What remains uncertain, however, is whether those physiological changes are killing bears or reducing their populations. Some specialists suspect that many cubs, which are contaminated by their mother's milk, are not surviving.

An even more immediate threat to the world's 20,000 to 25,000 polar bears is global climate change, which is melting their hunting grounds. Bears in Canada's western Hudson Bay -- the most well-researched population -- declined from 1,100 in 1995 to fewer than 950 in 2004.

In Alaska, wildlife biologists for the first time have documented that polar bears are drowning. Scientists predict that some populations could become extinct by the end of the century as more sea ice melts.

Derek Muir of Canada's National Water Research Institute, who led the new research, said the geographical patterns in contamination suggest that the East Coast of North America and northwestern Europe are the primary sources of the flame retardants.

The most highly contaminated bears are in eastern Greenland and Norway's Svalbard islands, where the chemicals are about 10 times more concentrated than in bears in Alaska and four times more than in Canada, according to new research published in December in the journal Environmental Science and Technology.

The team of scientists from Canada, Norway, Denmark and Alaska, who tested 139 bears captured in 10 locations, found that some brominated flame retardants magnify from prey to predator at an extraordinary rate. One compound was 71 times more concentrated in polar bears than in ringed seals, their major food source.

Manufacturing industries in the United States use large volumes of PBDEs in furniture, carpet padding, electronics and plastics. The most abundant PBDE in the bears comes from a compound called penta, used primarily in North America to make foam furniture cushions fire-resistant.

The only US manufacturer of penta and another PBDE called octa ended their production in 2004 after the compounds began building up in human breast milk and Europe and California banned their use. Yet stockpiles remain, as well as products that contain penta, octa and other flame retardants, so the chemicals are still hitchhiking to the Arctic on northbound winds.

Michael Ikonomou of Canada's Institute of Ocean Sciences reported some good news last year. Although the flame retardants had been doubling every four to five years in Arctic ringed seals from 1981 to 2000, they have stabilized as the bans on the two compounds go into effect. Muir said he expects ''a quick downturn" in the polar bear levels as factories stop using stockpiles. But he warned that other industrial chemicals are turning up in Arctic creatures.
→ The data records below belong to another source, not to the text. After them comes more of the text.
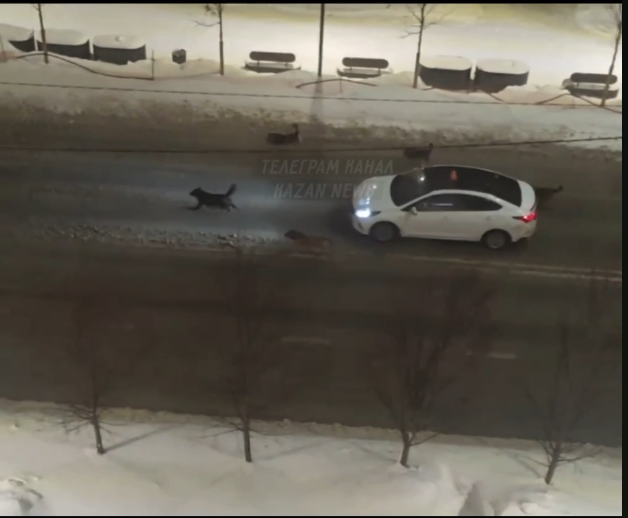 В Казани на улице Островского появились собаки, которые свободно бегают и иногда бросаются на проезжающие машины. Об этом сообщают очевидцы в социальных сетях.
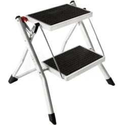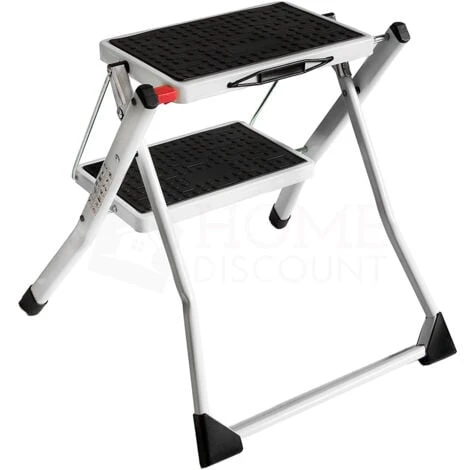 Home Discount offers this must-have item for every houseowner, 2 Step Folding Stool. Made from sturdy iron construction, you can be sure that this ladder won`t collapse under pressure, giving you complete confidence when using. Wide steps feature rubber mats to prevent slipping. The step stool folds down for easy storage and convenient transportation. Perfect for every kind of DIY job such as decorating and painting, as well as it will be a great help when trying to reach the hard-to-get places.
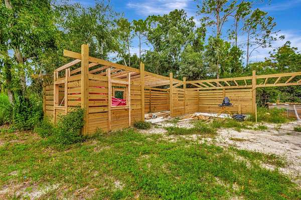 Welcome to your 5-acre sanctuary, an ideal canvas for your agricultural and residential aspirations. This property includes building materials to finish the structure, allowing you to customize it to your needs. Modern conveniences are at your fingertips with a 200 AMP electric service installed in 2022, a newly drilled well from August 2023 equipped with a 30-gallon pressure tank, and a 1000-gallon septic system scheduled for installation in June 2025. The entire property is securely enclosed with a chain-link fence, providing peace of mind for the safety of your animals. The mostly cleared land is beautifully dotted with native trees and plants, enhancing the natural beauty of the surroundings. Access is a breeze with two 12-foot gates.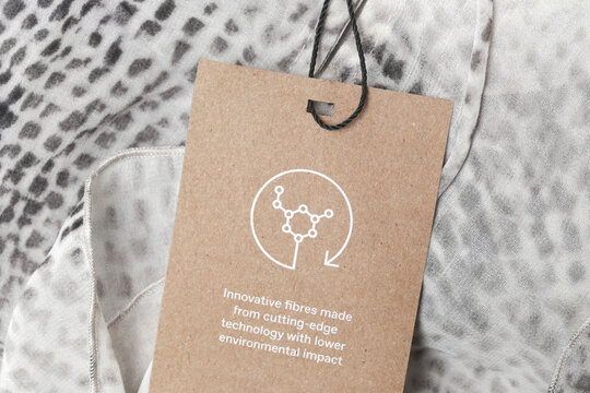 Label on clothes for Cutting-Edge Technologies in Fashion Industry, sustainable fabrics designed to reduce environmental impact. Recycled materials, organic textiles, and biodegradable fibers.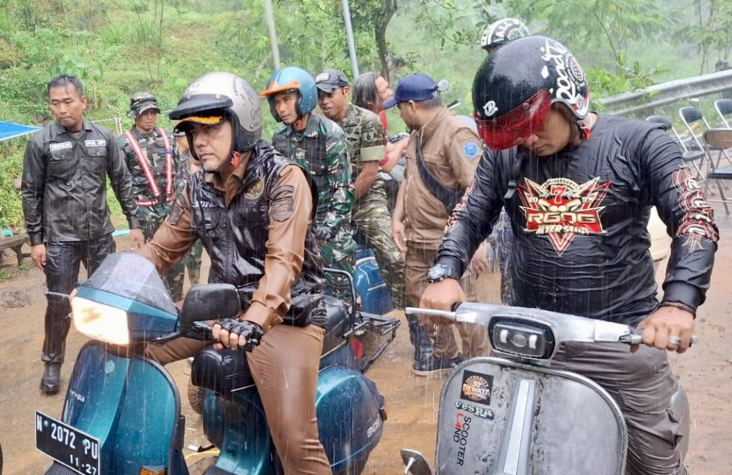Ia juga menyinggung kondisi saat peninjauan yang diguyur hujan. Meski demikian, rombongan tetap melanjutkan perjalanan menggunakan Vespa bersama Forkopimda.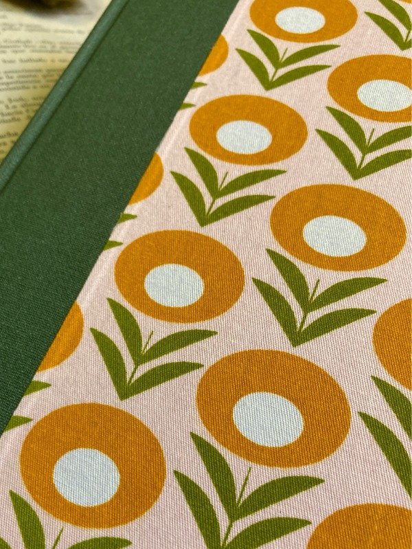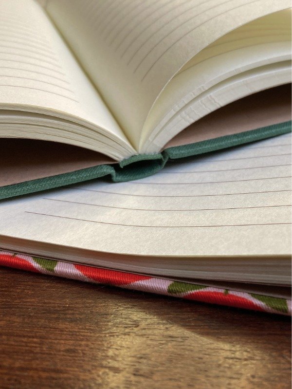 Podés elegir hojas lisas, si preferís un espacio abierto para bocetar o explorar sin límites, o hojas rayadas si te gusta escribir con una guía que sostenga el trazo. Las tapas están cubiertas en telas de algodón estampadas combinadas con tela de encuadernación, y las guardas son de papel Royal Sundance de 120 g, un material firme y agradable al tacto.

In addition to the brominated flame retardants, perfluorinated compounds used to manufacture Teflon and formerly used in Scotchgard have been detected in polar bears in Greenland, Canada and Alaska, and a PBDE compound called deca, used in large volumes in electronics, is in the blood of Svalbard bears.

The new study also detected another flame retardant used in building materials and household furnishings, called HBCD, or hexabromocyclododecane, in Arctic bears. Chemists had thought it had a low potential to migrate long distances but now believe it is spreading globally.